◆ **Exercise aim**
Leave out the pictures and repeat everything else in the records exactly.

##### The data #####

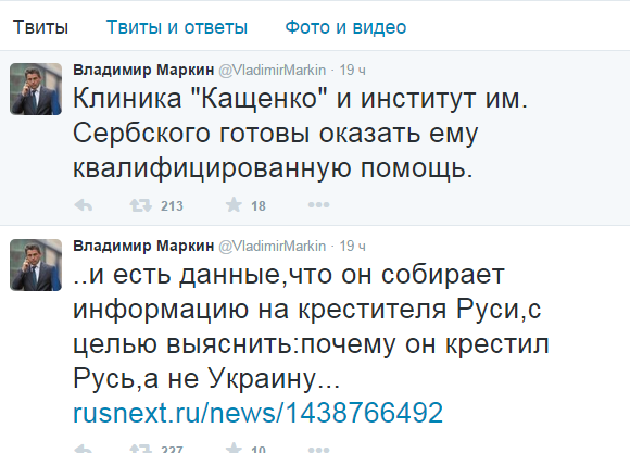 "Он (Матиос - Ред.) собирает информацию на крестителя Руси, с целью выяснить: почему он крестил Русь, а не Украину. Клиника Кащенко и институт имени Сербского готовы оказать ему квалифицированную помощь", - написал Маркин.
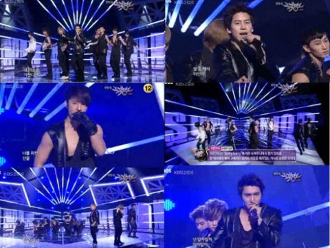據(jù)《朝鮮日?qǐng)?bào)》消息,Super Junior在5月21日播出的韓國(guó)KBS二臺(tái)音樂(lè)節(jié)目《Music Bank》中,憑借第四張正規(guī)專輯主打歌《美人啊》排在了K-排行榜第一位。這距他們本月14日通過(guò)《Music Bank》復(fù)出正好是一周的時(shí)間。
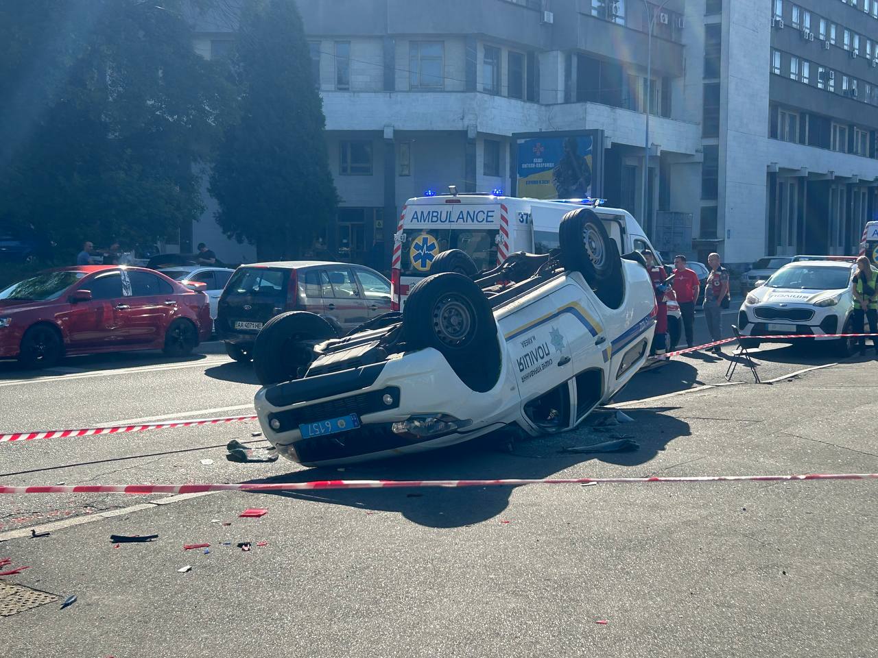 В Киеве на перекрестке улиц Ивана Федорова и Каземира Малевича произошло ДТП с участием служебного автомобиля полиции, в результате которого погиб правоохранитель. Еще три человека получили телесные повреждения, их состояние стабильное.
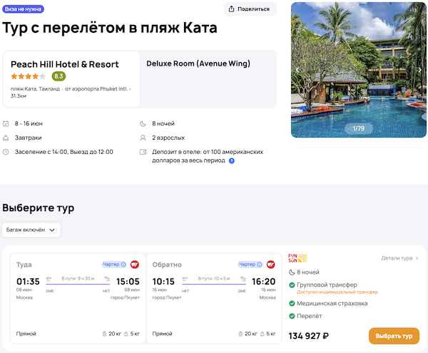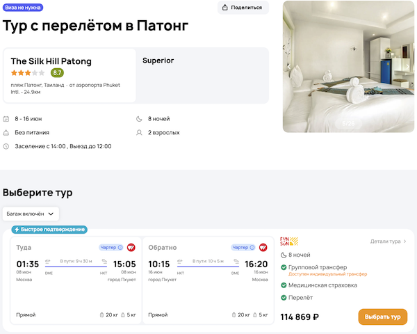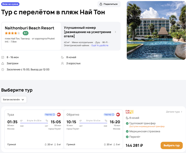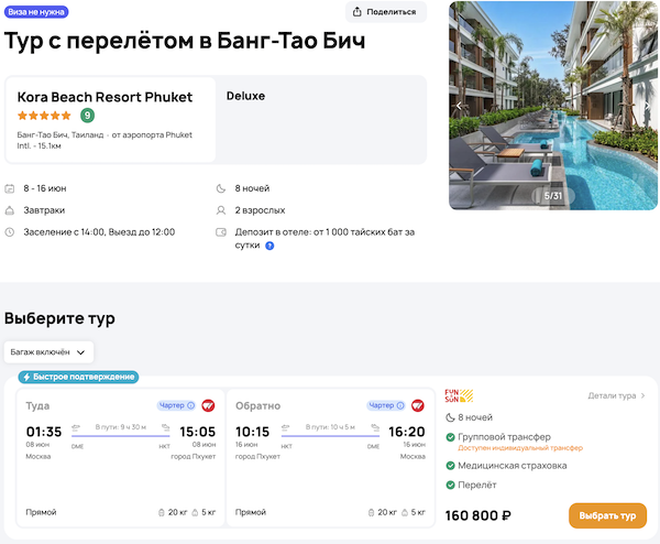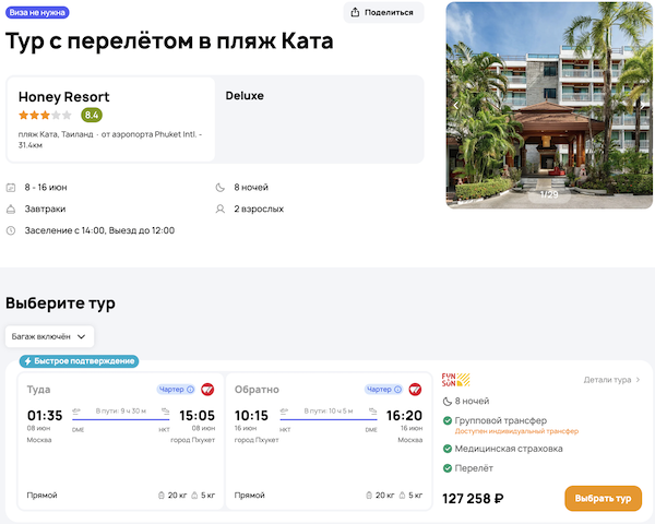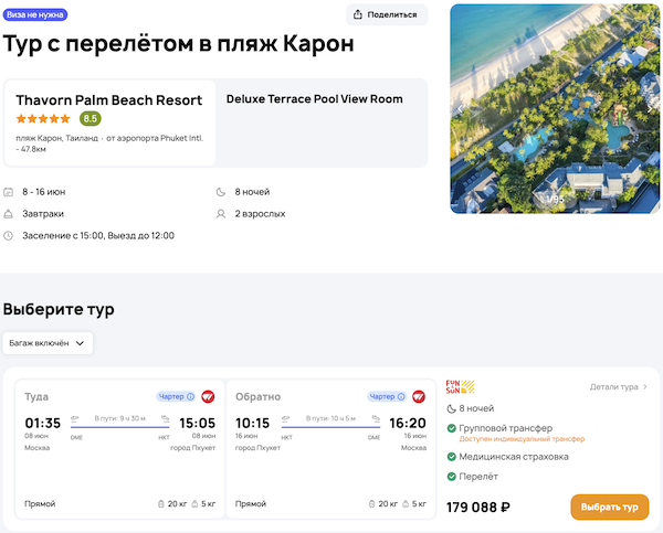— прямой перелет на Пхукет и обратно, авиакомпания RedWings;
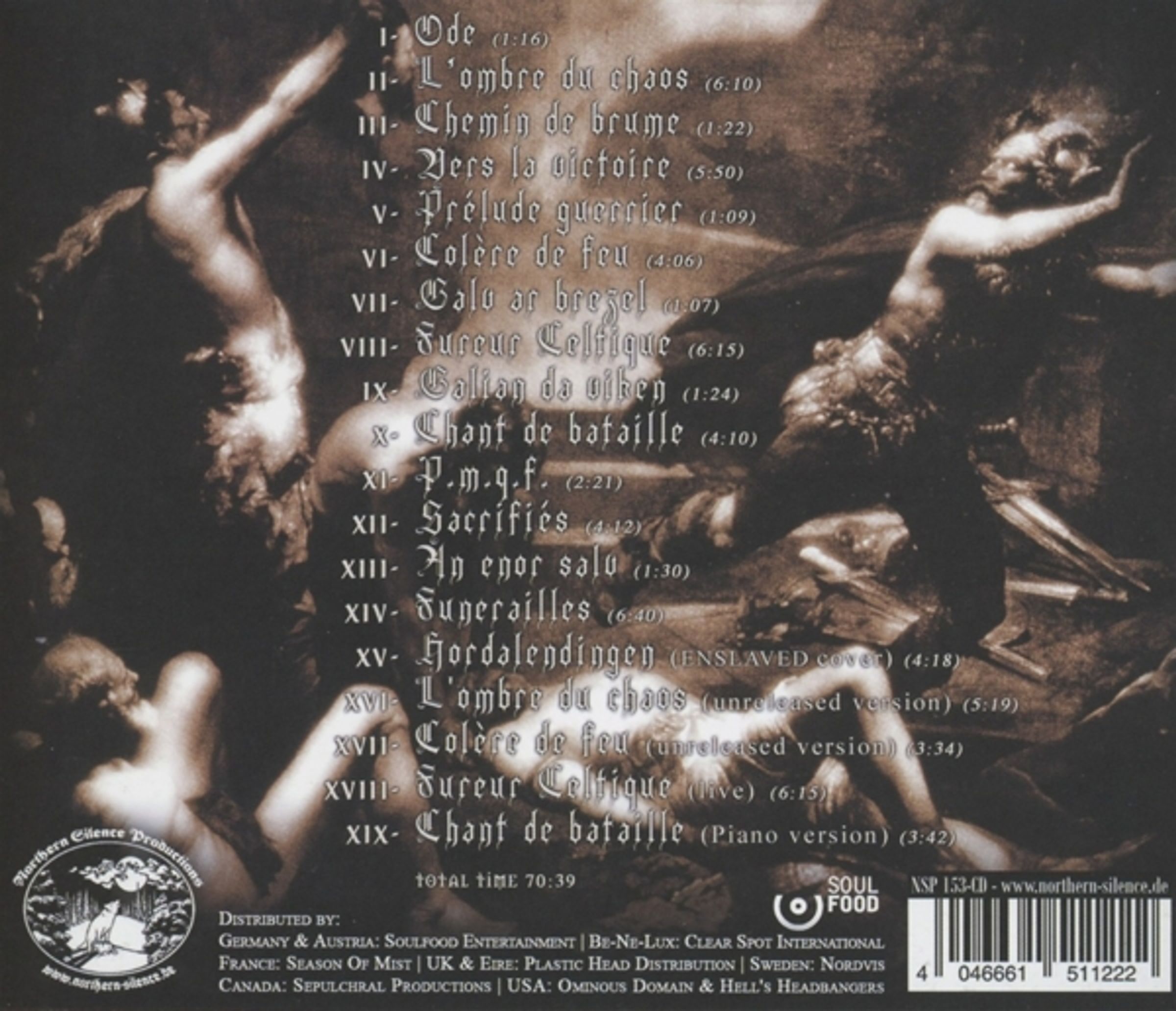 »Chants de Bataille«, Belenos' ursprünglich drittes Album, wurde zuerst 2006 veröffentlicht, und ist seit vielen Jahren nicht mehr erhältlich. Es wurde nun in einer remasterten Version neu aufgelegt, und enthält neben dem verbesserten Layout fünf zuvor unveröffentlichte Bonustracks.

#####

◆ **Solution to this task**
 "Он (Матиос - Ред.) собирает информацию на крестителя Руси, с целью выяснить: почему он крестил Русь, а не Украину. Клиника Кащенко и институт имени Сербского готовы оказать ему квалифицированную помощь", - написал Маркин.
據(jù)《朝鮮日?qǐng)?bào)》消息,Super Junior在5月21日播出的韓國(guó)KBS二臺(tái)音樂(lè)節(jié)目《Music Bank》中,憑借第四張正規(guī)專輯主打歌《美人啊》排在了K-排行榜第一位。這距他們本月14日通過(guò)《Music Bank》復(fù)出正好是一周的時(shí)間。
 В Киеве на перекрестке улиц Ивана Федорова и Каземира Малевича произошло ДТП с участием служебного автомобиля полиции, в результате которого погиб правоохранитель. Еще три человека получили телесные повреждения, их состояние стабильное.
— прямой перелет на Пхукет и обратно, авиакомпания RedWings;
 »Chants de Bataille«, Belenos' ursprünglich drittes Album, wurde zuerst 2006 veröffentlicht, und ist seit vielen Jahren nicht mehr erhältlich. Es wurde nun in einer remasterten Version neu aufgelegt, und enthält neben dem verbesserten Layout fünf zuvor unveröffentlichte Bonustracks.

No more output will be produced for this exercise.